:: RECORDS SUPPLIED ::

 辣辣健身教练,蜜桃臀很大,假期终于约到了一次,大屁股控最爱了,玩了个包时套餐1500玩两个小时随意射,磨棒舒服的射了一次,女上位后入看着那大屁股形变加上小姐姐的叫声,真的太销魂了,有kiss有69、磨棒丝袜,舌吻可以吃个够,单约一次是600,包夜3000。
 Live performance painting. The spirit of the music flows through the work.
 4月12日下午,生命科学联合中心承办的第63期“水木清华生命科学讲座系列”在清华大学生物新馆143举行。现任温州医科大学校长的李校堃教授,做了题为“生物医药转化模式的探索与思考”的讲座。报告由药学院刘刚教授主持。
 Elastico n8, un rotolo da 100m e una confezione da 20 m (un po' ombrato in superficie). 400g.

:::
:: RECORDS SUPPLIED ::

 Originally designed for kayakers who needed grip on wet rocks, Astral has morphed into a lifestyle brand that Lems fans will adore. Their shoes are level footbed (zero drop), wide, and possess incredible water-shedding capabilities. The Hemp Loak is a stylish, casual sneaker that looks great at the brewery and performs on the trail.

:::

Using the data above, print exactly the lines from the line that contains "辣辣健身教练,蜜桃臀很大,假" through the line that contains "Live performance painting.", with both included.

 辣辣健身教练,蜜桃臀很大,假期终于约到了一次,大屁股控最爱了,玩了个包时套餐1500玩两个小时随意射,磨棒舒服的射了一次,女上位后入看着那大屁股形变加上小姐姐的叫声,真的太销魂了,有kiss有69、磨棒丝袜,舌吻可以吃个够,单约一次是600,包夜3000。
 Live performance painting. The spirit of the music flows through the work.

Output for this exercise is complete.